落雁
「いやぁ、大手柄だよ。感謝状ものだね。女の子なのにあの勇敢な立ち振舞い、惚れ惚れしちゃうね。部活は何をやっているの??」
「ボクシングと、剣道と柔道をやっています」
「…そう。それは…強そうだね」
男が乗っていた自転車はどこかで盗んできたやつらしく、そのかごには150万円が入ったおばあちゃんのバッグがちゃんとあったらしい。
おばあちゃんの150万円も無事だし、大怪我をした人も居ないので一件落着かと思えば、ちょっと年寄りの警察官に無茶をするなと散々怒られた。
2度とこんな真似をするなとまで言われたので、「じゃあとっとと犯人捕まえろよ」とか言ってしまい、また説教は長くなってしまった。
病院代は後から払いに行く事になって、処方してもらった薬と湿布を取りに行く。
「お嬢ちゃん」
後ろで声がしたので、振り返ってみるとおばあちゃんが立っていた。
おばあちゃんは擦りむいただけなので処方された薬は無く、このままパトカーで送ってもらうらしい。

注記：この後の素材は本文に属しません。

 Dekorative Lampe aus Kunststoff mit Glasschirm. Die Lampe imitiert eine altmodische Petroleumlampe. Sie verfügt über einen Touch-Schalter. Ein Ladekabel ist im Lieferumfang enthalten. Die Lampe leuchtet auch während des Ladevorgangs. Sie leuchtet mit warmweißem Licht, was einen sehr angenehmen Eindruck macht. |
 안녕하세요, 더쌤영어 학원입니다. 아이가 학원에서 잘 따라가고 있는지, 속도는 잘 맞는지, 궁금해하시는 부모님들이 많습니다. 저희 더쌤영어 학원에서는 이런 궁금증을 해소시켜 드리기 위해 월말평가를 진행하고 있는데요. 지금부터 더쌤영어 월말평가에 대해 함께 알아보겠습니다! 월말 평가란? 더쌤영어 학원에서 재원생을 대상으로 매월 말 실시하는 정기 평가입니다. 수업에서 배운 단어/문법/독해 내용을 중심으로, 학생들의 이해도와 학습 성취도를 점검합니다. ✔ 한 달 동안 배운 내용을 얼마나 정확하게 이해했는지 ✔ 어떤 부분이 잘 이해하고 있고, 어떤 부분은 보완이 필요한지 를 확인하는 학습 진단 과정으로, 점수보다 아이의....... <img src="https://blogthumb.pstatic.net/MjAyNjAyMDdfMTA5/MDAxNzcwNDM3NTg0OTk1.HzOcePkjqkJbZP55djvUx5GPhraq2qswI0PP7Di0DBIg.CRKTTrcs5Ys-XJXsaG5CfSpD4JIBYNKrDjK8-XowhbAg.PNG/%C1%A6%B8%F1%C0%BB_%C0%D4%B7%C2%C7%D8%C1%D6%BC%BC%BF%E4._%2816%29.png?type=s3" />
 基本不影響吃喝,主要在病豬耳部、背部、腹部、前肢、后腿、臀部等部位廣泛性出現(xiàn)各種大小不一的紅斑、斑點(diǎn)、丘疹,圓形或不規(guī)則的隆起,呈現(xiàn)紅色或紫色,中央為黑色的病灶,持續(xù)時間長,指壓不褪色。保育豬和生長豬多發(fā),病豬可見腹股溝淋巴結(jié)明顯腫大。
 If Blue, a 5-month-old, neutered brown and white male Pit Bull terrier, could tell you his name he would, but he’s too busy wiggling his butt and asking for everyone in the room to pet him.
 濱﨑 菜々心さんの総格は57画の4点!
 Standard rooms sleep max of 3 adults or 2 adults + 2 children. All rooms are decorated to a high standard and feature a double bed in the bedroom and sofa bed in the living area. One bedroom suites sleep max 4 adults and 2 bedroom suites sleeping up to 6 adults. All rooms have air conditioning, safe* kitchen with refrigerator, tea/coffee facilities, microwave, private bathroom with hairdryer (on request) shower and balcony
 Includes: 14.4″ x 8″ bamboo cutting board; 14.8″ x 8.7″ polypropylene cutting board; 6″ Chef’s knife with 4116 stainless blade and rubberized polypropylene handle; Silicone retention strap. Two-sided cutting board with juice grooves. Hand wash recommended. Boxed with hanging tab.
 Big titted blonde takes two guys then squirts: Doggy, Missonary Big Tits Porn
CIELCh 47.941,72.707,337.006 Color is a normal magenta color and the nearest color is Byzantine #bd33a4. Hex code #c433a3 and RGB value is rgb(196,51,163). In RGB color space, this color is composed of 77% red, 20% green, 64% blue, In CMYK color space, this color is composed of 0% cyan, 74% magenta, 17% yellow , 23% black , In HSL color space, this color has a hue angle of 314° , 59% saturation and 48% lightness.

「今日は迷惑をかけて、本当にごめんねぇ。申し訳無いよ。せめて、名前を教えてくれないかね…?」
「全然いいよ!困っている人が居たら、助けるのが常識でしょ?たまたま早く駆け付けたのがあたしなだけだよ。あたしは京極弥刀。」
言った瞬間、おばあちゃんの目は見開かれた。
あ、まずかったかも。もしかして、うちの近所に住んでいるんじゃ…
「…そうかね、そうかね…。みぃんな悪く言うけど、おばあちゃんは知っとるよ。京極さんに悪い人なんて居ないもんねぇ」
おばあちゃんは涙ながらにそう言った。
「おばあちゃん、京極を知ってるんでしょ…??」
「知ってるもなにも、あたしは弥刀ちゃんの家の事を軽蔑なんてしないよ。この町の、頼れるリーダーさ」
おばあちゃんは笑顔でそう言った。
聞けば、昔京極の者に何回かお世話になった事があったらしい。
近所に住んでいれば、うちのもんに会う機会も多いだろうし、何より京極家の事を軽蔑しなかったのが嬉しかった。
ますます京極家が好きになってきた。
理不尽な争いはしない。
困っている人には手を差し伸べる事ができる、そんな優しいやくざが江戸から渡り継がれている、京極家。
あたしは上機嫌で、薬局に入っていった。
因みに、薬局の中で介した会話で知ったのだが、隣に居る新人警察官(予想)は本当に新人警察官だったらしい。